Research activities
I mostly work on wavelets, multiresolution and approximation with
applications like functional MRI, Optical Coherence Tomography and,
generally speaking, Image Processing. Below
is a commented selection of recent collaborated papers (see here for a more complete list of my publications):
Wavelet theory
- B. Forster, T. Blu, M. Unser, "Complex B-Splines," Applied and Computational Harmonic Analysis, vol. 20, no. 2, pp. 261-282, March 2006.
A follow-up of the fractional spline theory, in which the initially
real parameters are allowed to take complex values.
- M. Unser, T. Blu, "Wavelet Theory
Demystified," IEEE Transactions on Signal Processing, vol. 51, no.
2, pp. 470-483, February 2003. Which shows that, wavelet theory can
essentially be summarized by spline theory.
- T. Blu, M. Unser, "Wavelets,
Fractals, and Radial Basis Functions," IEEE Transactions on Signal
Processing, vol. 50, no. 3, pp. 543-553, March 2002. In
particular, we show here that every dyadic wavelet can be expressed as
a sum of "harmonic" splines. This paper has received a 2003
Best Paper Award from the IEEE Signal Processing Society (Signal
Processing Theory and Methods).
- M. Unser, T. Blu, "Fractional
Splines and Wavelets," SIAM Review, vol. 42, no. 1,
pp. 43-67, March 2000. This is an extension of splines to
non-integer (and even negative) degrees, with their
properties; a demo, a
MATLAB
software implementing the spline wavelet transform and some graphical art are also
included.
Image/Signal denoising
- T. Blu, F. Luisier, "The SURE-LET Approach to Image Denoising,"
IEEE Transactions on Image Processing, vol. 16, no. 11, pp. 2778-2786,
November 2007.
A generalization of the framework of the March 2007 paper below,
emphasizing image denoising with redundant transformations (not
necessarily wavelets).
- F. Luisier, T. Blu, M. Unser, "A New SURE
Approach to Image Denoising: Inter-Scale Orthonormal Wavelet
Thresholding," IEEE Transactions on Image Processing, vol. 16, no. 3, pp. 593-606, March 2007.

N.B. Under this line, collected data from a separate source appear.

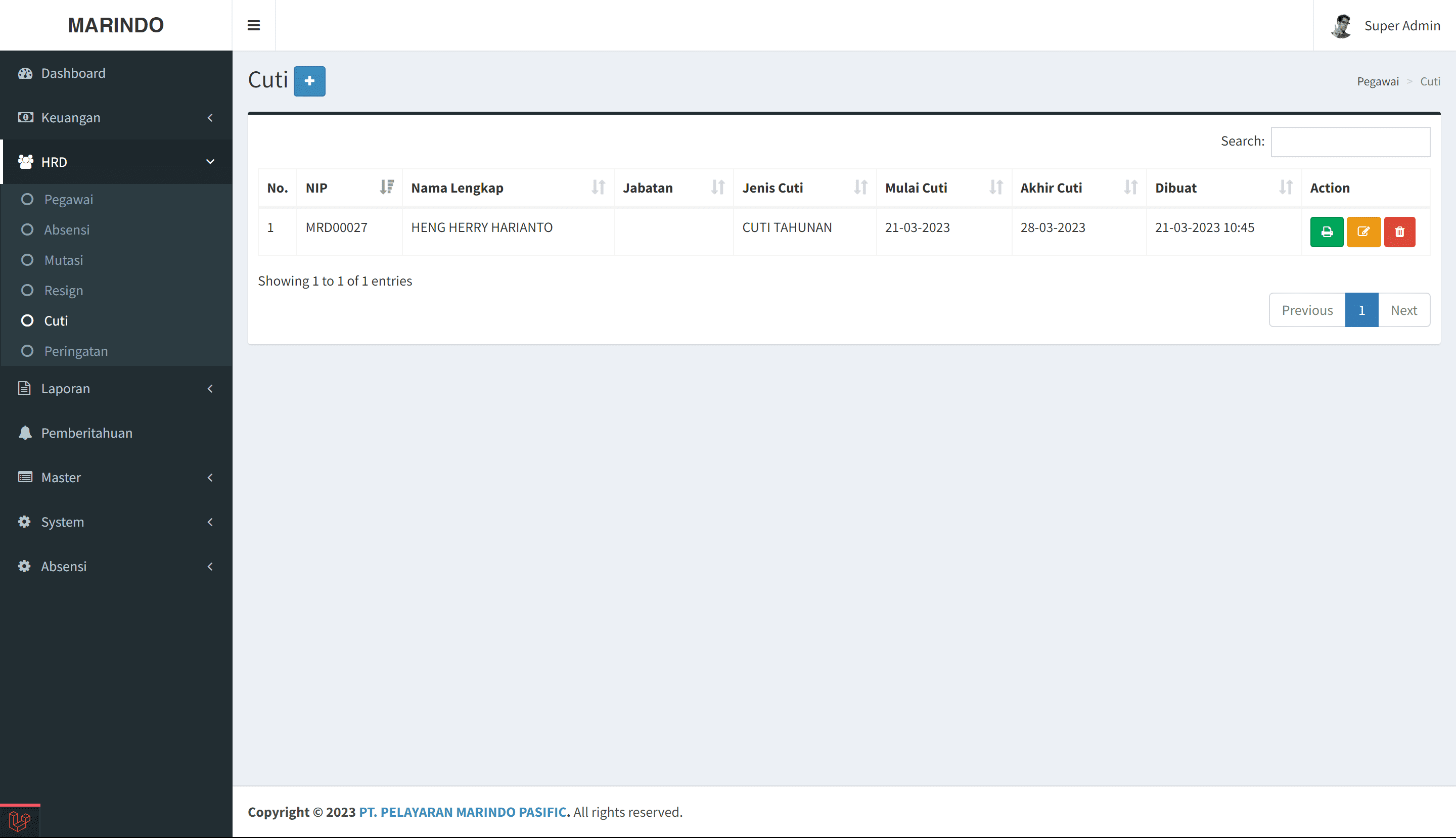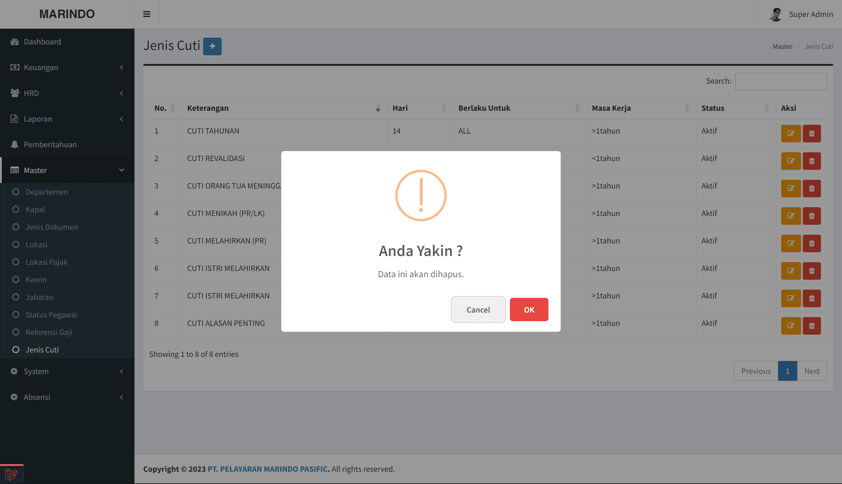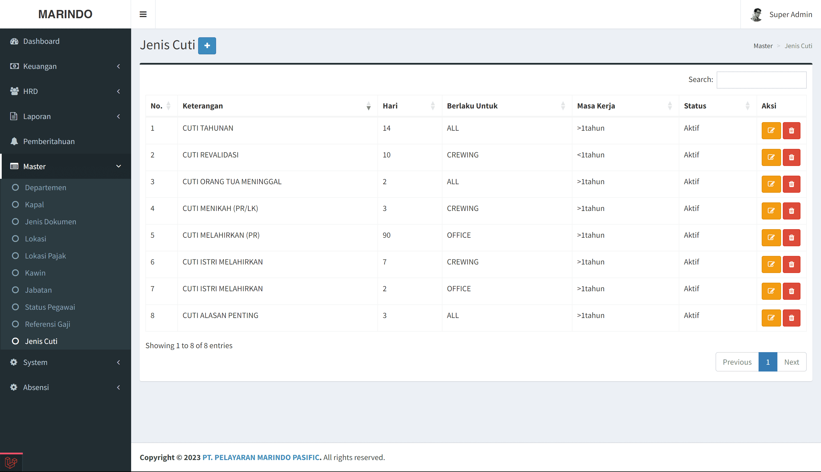 Modul jenis Cuti berisi data-data jenis Cuti yang terdapat di marindo :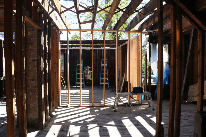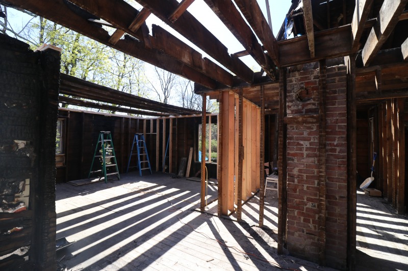 Demolition began on the third floor, as we get ready for the new roof to be installed. This action brought a lot of sunshine into the house, so there are some additional photos of the second floor, too.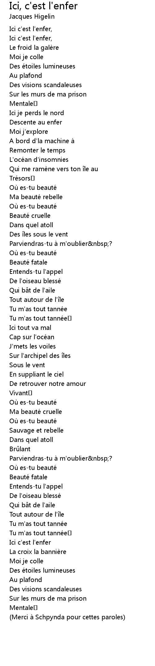 | Merci à Schpynda pour cettes paroles |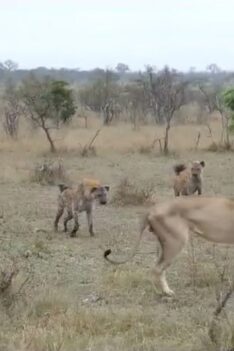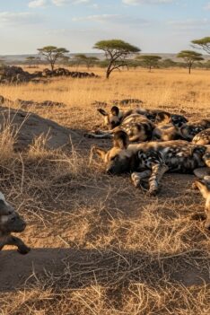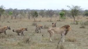 Old male lion being followed by a hyena clan The Elder Lion’s Shadow The once-mighty lion, his mane thinned and gait unsteady,...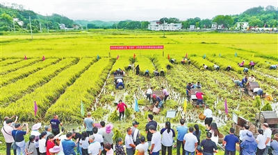 近日,上犹县社溪镇举办“赶超杯”农民健身运动会。镰刀挥动的“唰唰”声、打谷机的“咚咚”声、此起彼伏的欢笑声,交织在江头村的早稻田里,16个村的近百名村民在稻香中比拼农技,共享丰收狂欢。通讯员 王 健摄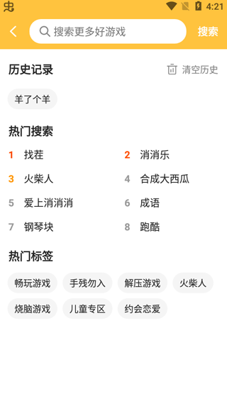 2、点开搜索,玩家还可以直接搜索游戏,免去找游戏的烦恼;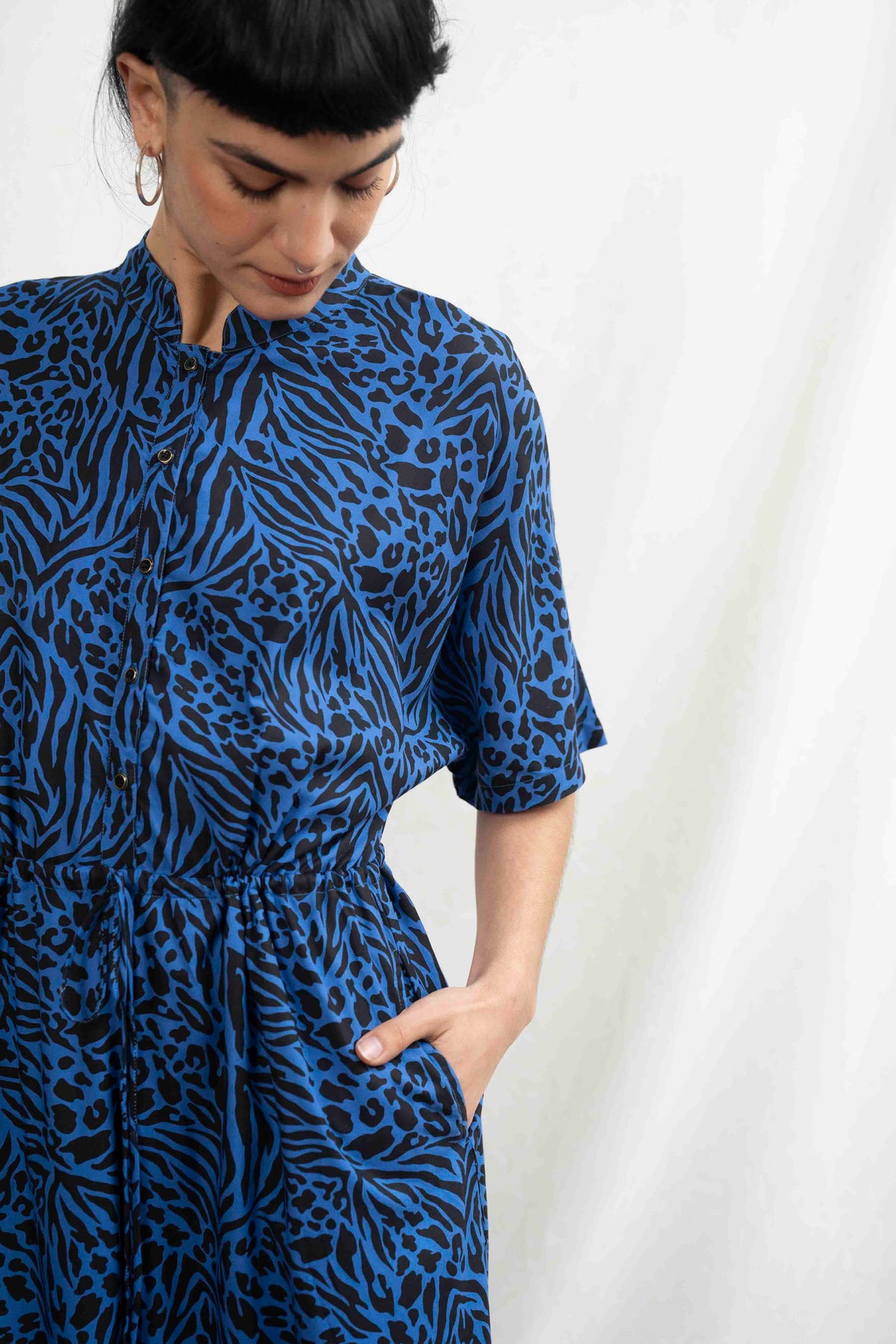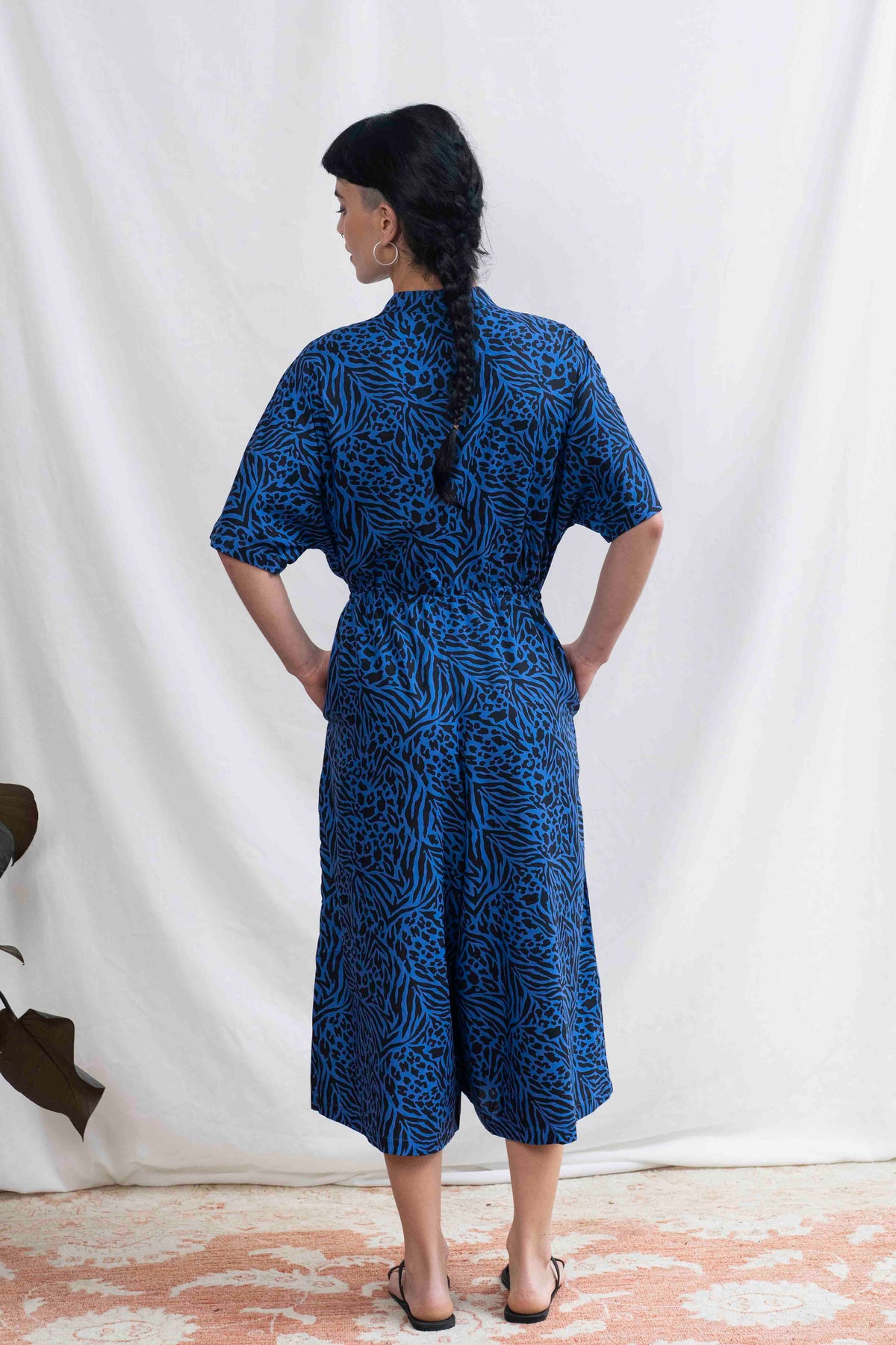 אוברול גל בלו לאופרד מעוטר חברבורות שחורות על רקע כחול רויאל, מלכותי ועל זמני.

Thanks to a statistical unbiased estimate of the MSE (the SURE), we show how it is possible to
optimize the non-linear denoising of joint wavelet subbands, without making
any assumption on the non-noisy underlying image. This paper is listed in the Reader's Choice column
of the Signal Processing Magazine (September 2007 and January 2008 issues). Check our online demo.
Approximation and sampling
- P.L. Dragotti, M. Vetterli, T. Blu, "Sampling Moments and Reconstructing Signals of Finite Rate of Innovation: Shannon Meets Strang-Fix,"
IEEE Transactions on Signal Processing, vol. 55, no. 5, part 1, pp.
1741-1757, May 2007. New windows and related algorithms for sampling
signals with infinite bandwidth. Interestingly, we show that windows
that satisfy a well-known approximation condition (Strang-Fix) are also
particularly suited for sampling these types of signals.
- M. Unser, T. Blu, "Self-Similarity: Part I—Splines and Operators," IEEE Transactions on Signal Processing, vol. 55, no. 4, pp. 1352-1363, April 2007.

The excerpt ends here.